◆ Exercise directions:
From the first line to the last, copy the data exactly and drop the pictures.

◆ Raw data:
>>>>>
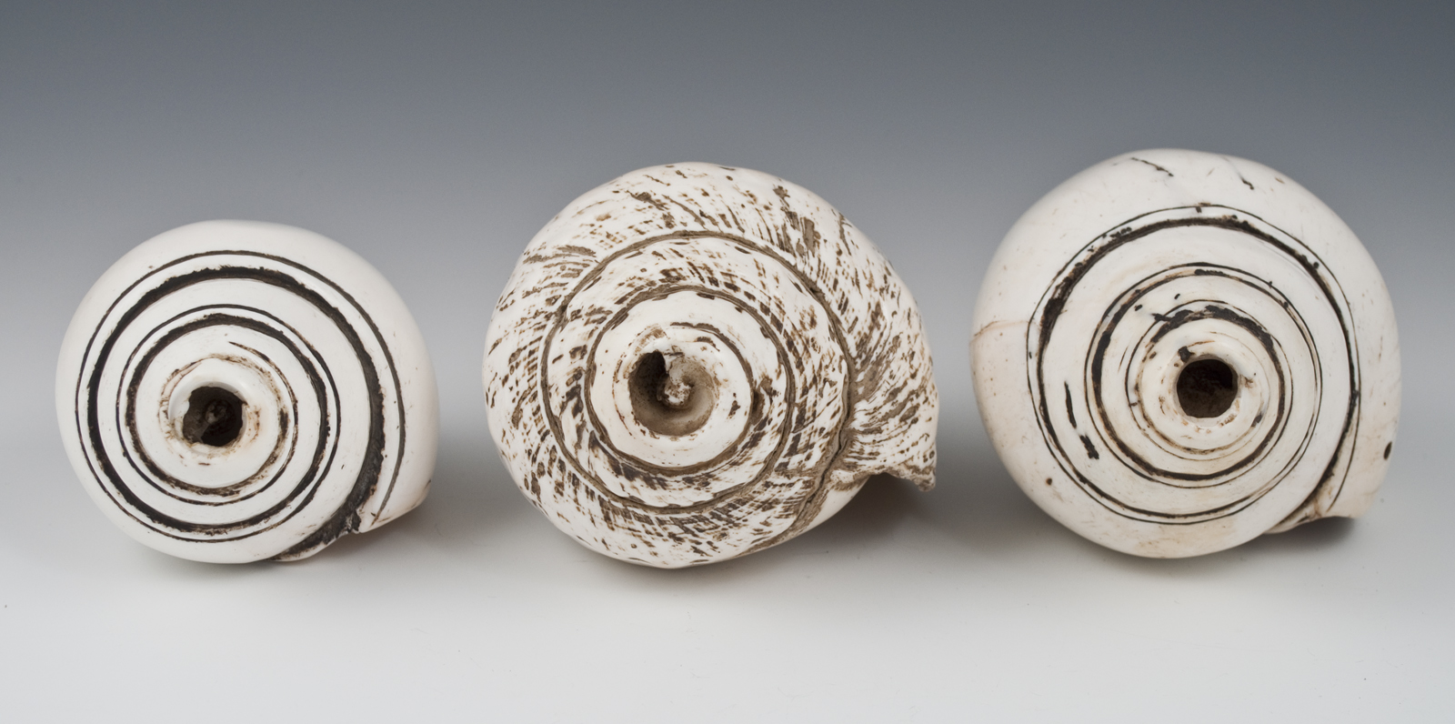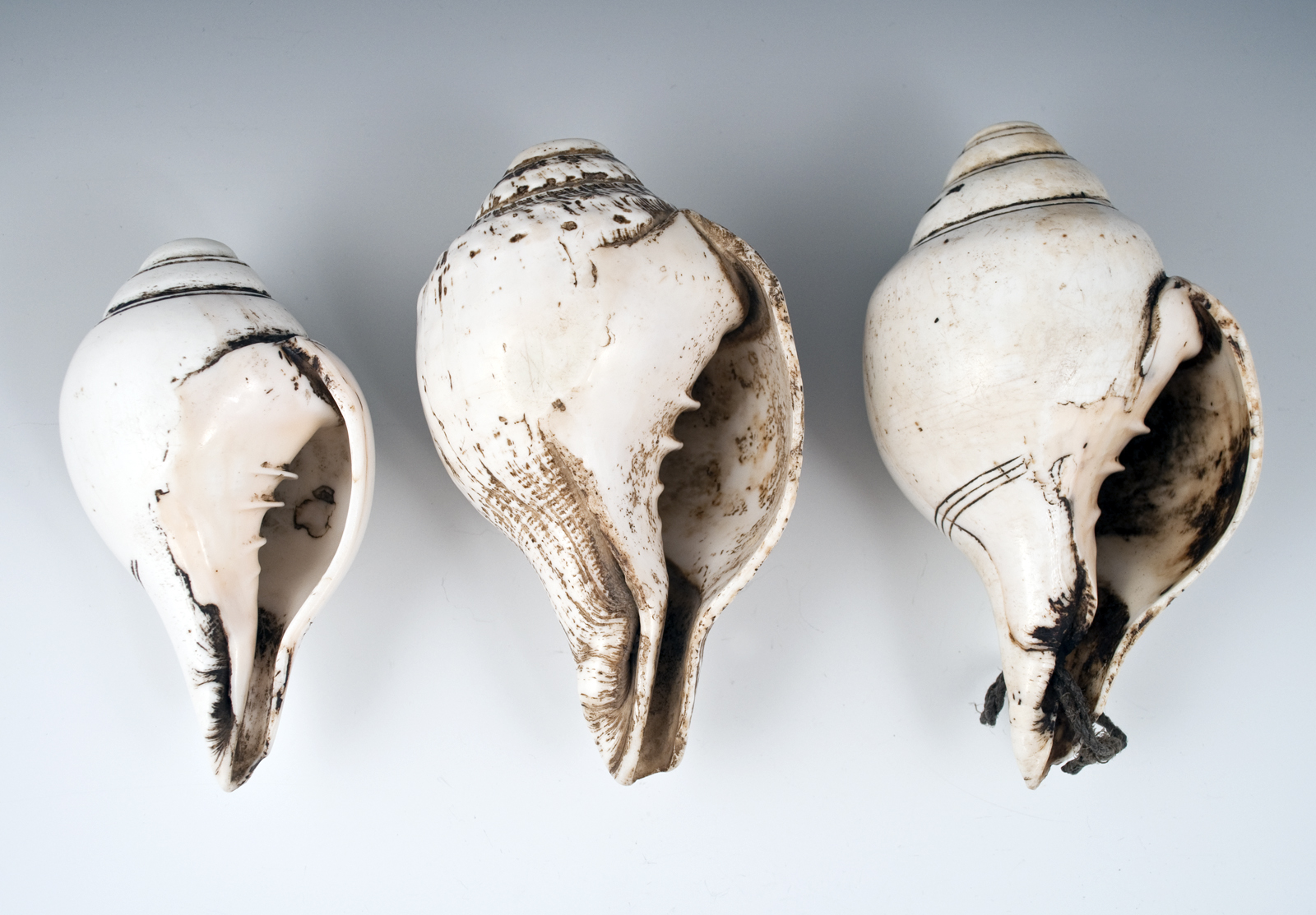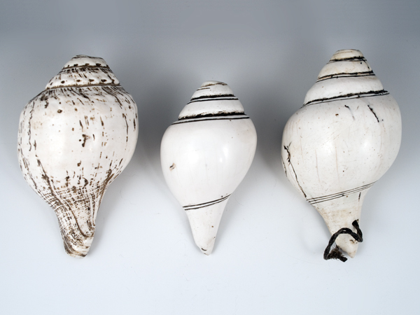 Shell trumpets Himalayas Conch shell 19th century Sold separately Left: #2854 7" (17.2 cm) long $900 Center: #2855 6" (15.2 cm) long $775 Right: #2853 7.5" (19 cm) long SOLD
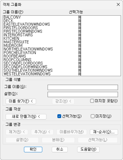 그룹이 선택 가능한지 지정합니다. 그룹을 선택할 수 있는 경우 그룹 내의 한 객체를 선택하면 전체 그룹이 선택됩니다. 잠겨 있거나 동결된 도면층 위에 있는 객체는 선택되지 않습니다. PICKSTYLE 시스템 변수가 0으로 설정된 경우에는 그룹을 선택할 수 없습니다.
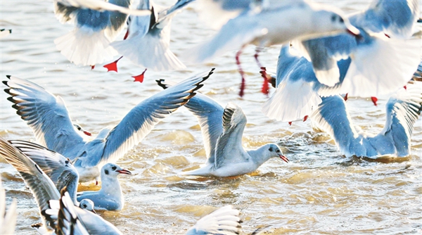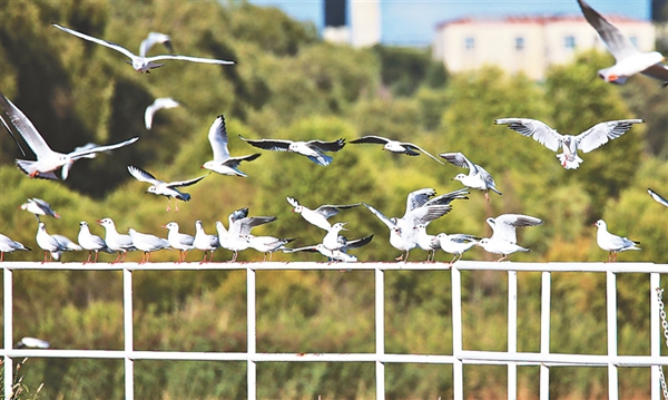 近年來,隨著環(huán)境保護力度的加大,松花江生態(tài)持續(xù)向好,水豐魚多,給紅嘴鷗等候鳥提供了豐富的食物。每年,都有超過萬只的紅嘴鷗春秋兩季在松花江這處“驛站”歇腳。 黑龍江日報記者 張澍攝
<<<<<
◆ Written answer:
 Shell trumpets Himalayas Conch shell 19th century Sold separately Left: #2854 7" (17.2 cm) long $900 Center: #2855 6" (15.2 cm) long $775 Right: #2853 7.5" (19 cm) long SOLD
 그룹이 선택 가능한지 지정합니다. 그룹을 선택할 수 있는 경우 그룹 내의 한 객체를 선택하면 전체 그룹이 선택됩니다. 잠겨 있거나 동결된 도면층 위에 있는 객체는 선택되지 않습니다. PICKSTYLE 시스템 변수가 0으로 설정된 경우에는 그룹을 선택할 수 없습니다.
 近年來,隨著環(huán)境保護力度的加大,松花江生態(tài)持續(xù)向好,水豐魚多,給紅嘴鷗等候鳥提供了豐富的食物。每年,都有超過萬只的紅嘴鷗春秋兩季在松花江這處“驛站”歇腳。 黑龍江日報記者 張澍攝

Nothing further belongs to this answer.